__DATA BELOW__
§ §

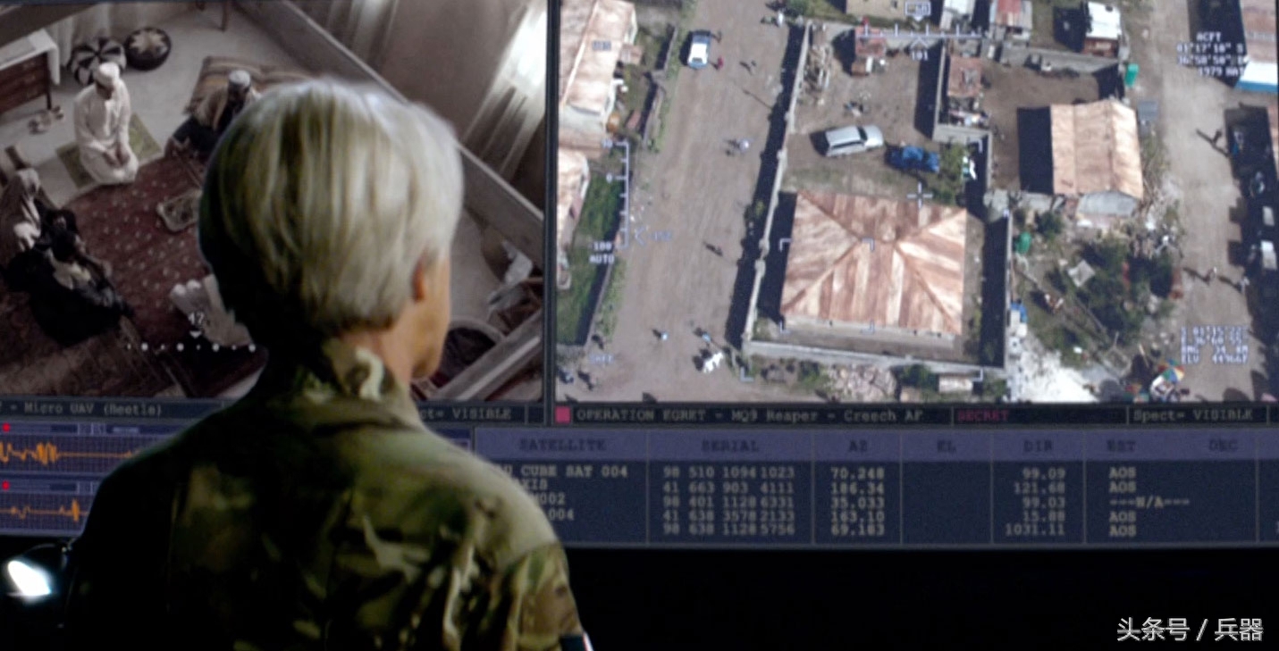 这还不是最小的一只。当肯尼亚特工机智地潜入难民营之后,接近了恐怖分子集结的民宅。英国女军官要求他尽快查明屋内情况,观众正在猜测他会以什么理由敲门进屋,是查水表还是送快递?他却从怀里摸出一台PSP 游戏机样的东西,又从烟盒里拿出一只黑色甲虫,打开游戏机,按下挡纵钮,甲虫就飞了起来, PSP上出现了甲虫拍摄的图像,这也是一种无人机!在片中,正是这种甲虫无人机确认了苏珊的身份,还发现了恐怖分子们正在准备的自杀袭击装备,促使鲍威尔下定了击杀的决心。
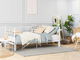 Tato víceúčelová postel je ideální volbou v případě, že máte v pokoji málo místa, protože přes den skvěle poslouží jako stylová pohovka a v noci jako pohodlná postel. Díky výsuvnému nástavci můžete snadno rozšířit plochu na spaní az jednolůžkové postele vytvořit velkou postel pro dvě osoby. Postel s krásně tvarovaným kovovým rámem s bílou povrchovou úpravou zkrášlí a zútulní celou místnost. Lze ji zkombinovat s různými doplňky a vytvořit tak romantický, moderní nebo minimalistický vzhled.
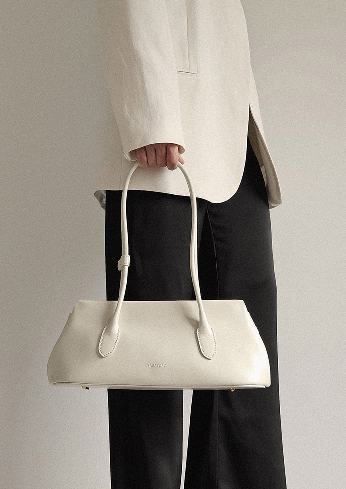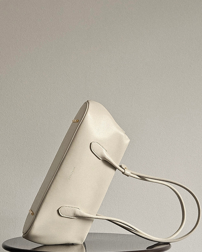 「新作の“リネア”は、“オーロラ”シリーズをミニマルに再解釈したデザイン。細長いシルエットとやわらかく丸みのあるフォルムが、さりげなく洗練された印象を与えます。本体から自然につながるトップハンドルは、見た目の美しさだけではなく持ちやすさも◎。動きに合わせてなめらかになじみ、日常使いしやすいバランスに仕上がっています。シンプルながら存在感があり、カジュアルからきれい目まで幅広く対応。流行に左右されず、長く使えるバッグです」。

§ §

__ACTIVITY__
Retype, exactly as written, each line from the one containing "Tato víceúčelová postel" through the end of the data above, and leave out every picture.

__EXERCISE OUTPUT__
 Tato víceúčelová postel je ideální volbou v případě, že máte v pokoji málo místa, protože přes den skvěle poslouží jako stylová pohovka a v noci jako pohodlná postel. Díky výsuvnému nástavci můžete snadno rozšířit plochu na spaní az jednolůžkové postele vytvořit velkou postel pro dvě osoby. Postel s krásně tvarovaným kovovým rámem s bílou povrchovou úpravou zkrášlí a zútulní celou místnost. Lze ji zkombinovat s různými doplňky a vytvořit tak romantický, moderní nebo minimalistický vzhled.
 「新作の“リネア”は、“オーロラ”シリーズをミニマルに再解釈したデザイン。細長いシルエットとやわらかく丸みのあるフォルムが、さりげなく洗練された印象を与えます。本体から自然につながるトップハンドルは、見た目の美しさだけではなく持ちやすさも◎。動きに合わせてなめらかになじみ、日常使いしやすいバランスに仕上がっています。シンプルながら存在感があり、カジュアルからきれい目まで幅広く対応。流行に左右されず、長く使えるバッグです」。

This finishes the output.